▸ Your assignment:
Use the entries below and reproduce exactly the lines from the one containing "タコ糸をしばるときのポイント" down to the one containing "Berikan rasa aman, personil", both of them included.

▸ Available data:
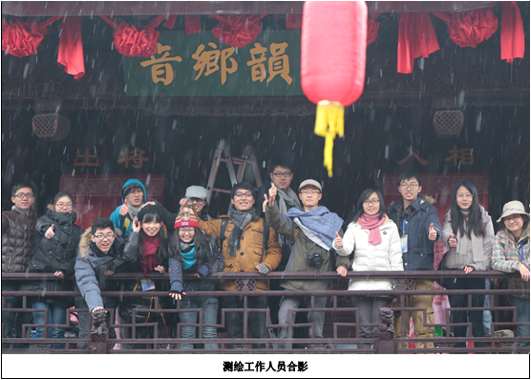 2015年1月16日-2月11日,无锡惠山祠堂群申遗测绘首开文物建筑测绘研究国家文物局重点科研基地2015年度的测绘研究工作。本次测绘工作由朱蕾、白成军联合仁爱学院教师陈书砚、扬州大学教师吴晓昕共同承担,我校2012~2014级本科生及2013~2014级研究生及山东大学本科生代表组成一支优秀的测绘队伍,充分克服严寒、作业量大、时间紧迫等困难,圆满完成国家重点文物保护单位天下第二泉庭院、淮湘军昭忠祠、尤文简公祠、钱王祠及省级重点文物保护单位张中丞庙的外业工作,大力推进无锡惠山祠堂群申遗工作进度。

* * *

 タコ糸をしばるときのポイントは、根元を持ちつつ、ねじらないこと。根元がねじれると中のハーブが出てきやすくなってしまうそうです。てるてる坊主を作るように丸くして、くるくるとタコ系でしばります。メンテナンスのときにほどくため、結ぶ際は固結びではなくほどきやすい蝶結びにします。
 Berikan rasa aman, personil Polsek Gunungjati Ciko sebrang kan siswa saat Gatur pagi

▸ Result of this task:
 タコ糸をしばるときのポイントは、根元を持ちつつ、ねじらないこと。根元がねじれると中のハーブが出てきやすくなってしまうそうです。てるてる坊主を作るように丸くして、くるくるとタコ系でしばります。メンテナンスのときにほどくため、結ぶ際は固結びではなくほどきやすい蝶結びにします。
 Berikan rasa aman, personil Polsek Gunungjati Ciko sebrang kan siswa saat Gatur pagi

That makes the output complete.